Ведь птичку в клетку посадить,
все это стыд и срам!
 
      Несчастный епископ Тарский, облепленный пчелиным медом и птичьим пухом, раскачивался из стороны в сторону, как медведь, слабо переступал по земле слабыми ногами, в глазах его стояли слезы, но до умопомрачения испуганный рослыми дружинниками, он послушно повторял:
 
Да, встряска так нужна
всем дамским передкам,
как вырубка
березкам и дубам.
Срубил один дубок,
глядишь, четыре там!
 
      Несчастный рыдающий епископ раскачивался и подпрыгивал наподобие ручного медведя и, как кукла, разводил ватными руками, тонким голосом повторяя вслух:
 
Рубите больше, от того
урону нет лесам!
 
      Барон Теодульф, багровый от вина, держал в руках огромную чашу.
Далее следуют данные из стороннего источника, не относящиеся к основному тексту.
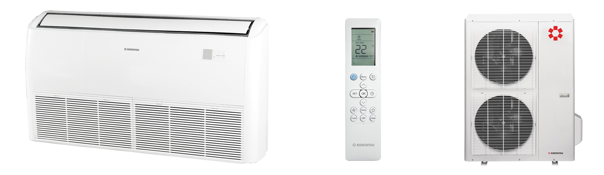 Устанавливается на пол или под потолок, рассчитана на охлаждение и обогрев помещения площадью до 160 кв.м.

      Он рычал, он ревел от восторга.
      Когда несчастного епископа Тарского под улюлюканье дружинников и гостей бросили, наконец, в грязный ров, багровый хозяин замка Процинты вновь поднял на помост рьяного трубадура.
 
В Лангедоке есть барон прославленный,
имя носит средь людей он первое.
Знают все, он славен виночерпием
всех превыше лангедокских жителей.
 
      — Эйа! Эйа! — с ревом подхватил узнавший себя в песне барон.
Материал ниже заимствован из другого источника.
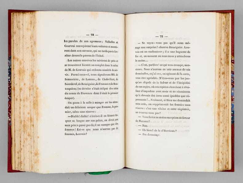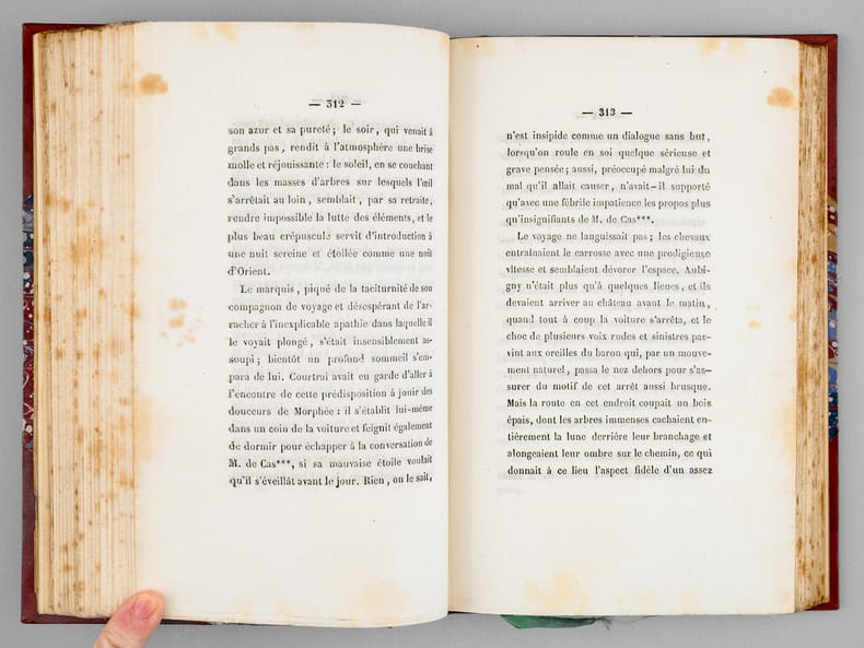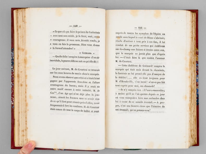 1 vol. in-8 reliure de l'époque bradel demi-percaline à coins brune, tête dorée, Publication de Charles Le Clere, édit.-libr., À la Librairie spéciale pour les cabinets de lecture, Paris, 1844, 1 f., 371 pp., 1 f., 329 pp. et 1 f. n. ch.

      — Эйа! — шумно подхватили гости.
 
Пить он любит, не смущаясь временем.
Дня и ночи ни одной не минется,
чтоб упившись влагой не качался он,
будто древо, ветрами колеблемо.
 
      — Эйа! Эйа!
 
Он имеет тело неистленное,
умащенный винами, как алоэ.
И как миррой кожи сохраняются,
так вином он весь набальзамирован.
 
      — Эйа! Эйа! — ревели гости и дружинники, но хор голосов постепенно начал ослабевать.
      Этого не замечал только пьяный трубадур.
 
Он и кубком брезгует и чашами,
чтобы выпить с полным наслаждением.
Он горшками цедит и кувшинами,
а из оных — наивеличайшими.
 
      Шум в зале совсем смолк.
      Барон Теодульф побагровел еще пуще. Казалось, глаза его сейчас выпрыгнут из орбит.
      Ганелон так тогда и подумал: вот сейчас у барона напрочь выпрыгнут глаза из орбит, а потом разъяренный барон выбросит наглого трубадура в ров вслед за несчастным епископом.
      В тишине, вдруг упавшей на залу, еще более тревожной от дымивших и потрескивающих факелов, было хорошо слышно, как под огромным столом грызлись и рычали из-за костей собаки.
      Испуганные служки быстро меняли блюда, стараясь оставаться незаметными и неслышными.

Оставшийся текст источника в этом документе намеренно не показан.